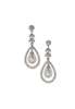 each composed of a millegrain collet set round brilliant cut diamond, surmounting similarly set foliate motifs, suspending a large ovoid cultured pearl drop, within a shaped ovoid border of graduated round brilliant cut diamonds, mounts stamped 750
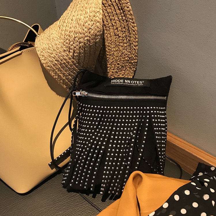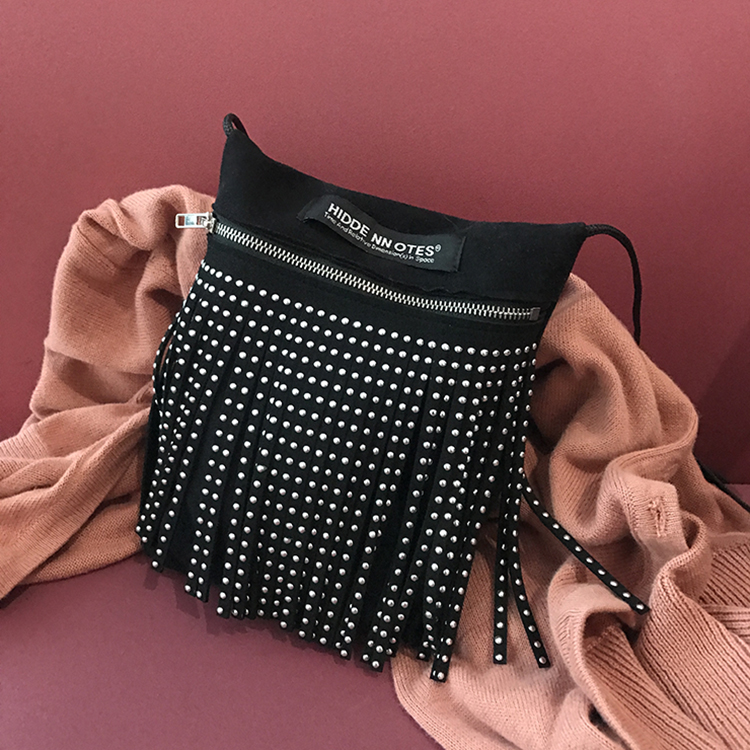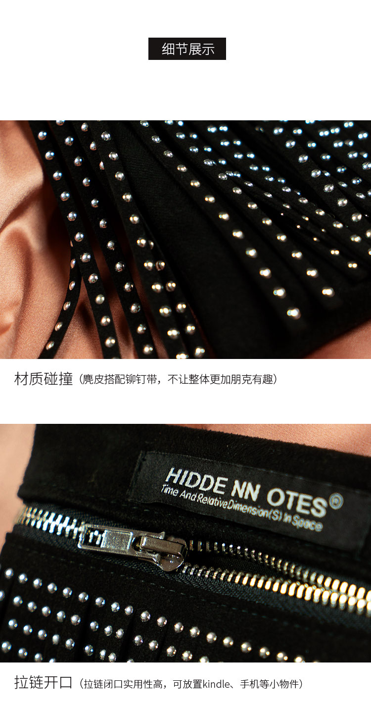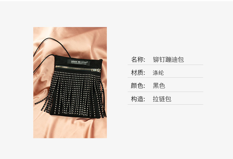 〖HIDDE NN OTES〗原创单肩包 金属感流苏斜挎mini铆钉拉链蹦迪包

* * *

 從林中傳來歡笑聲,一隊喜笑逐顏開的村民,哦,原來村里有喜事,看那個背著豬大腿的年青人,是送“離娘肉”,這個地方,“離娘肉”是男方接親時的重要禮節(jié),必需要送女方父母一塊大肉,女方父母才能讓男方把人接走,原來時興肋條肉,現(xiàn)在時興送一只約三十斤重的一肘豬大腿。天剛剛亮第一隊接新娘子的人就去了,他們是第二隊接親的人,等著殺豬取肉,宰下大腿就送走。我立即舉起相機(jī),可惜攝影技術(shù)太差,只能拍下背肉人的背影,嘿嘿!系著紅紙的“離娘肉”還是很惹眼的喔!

Exercise: Copy back exactly the lines above from the one containing "each composed of" through the one containing "NN OTES〗原创单肩包 金属感流苏斜挎mini铆钉拉链蹦迪包", and leave every picture behind.

Expected answer:
 each composed of a millegrain collet set round brilliant cut diamond, surmounting similarly set foliate motifs, suspending a large ovoid cultured pearl drop, within a shaped ovoid border of graduated round brilliant cut diamonds, mounts stamped 750
 〖HIDDE NN OTES〗原创单肩包 金属感流苏斜挎mini铆钉拉链蹦迪包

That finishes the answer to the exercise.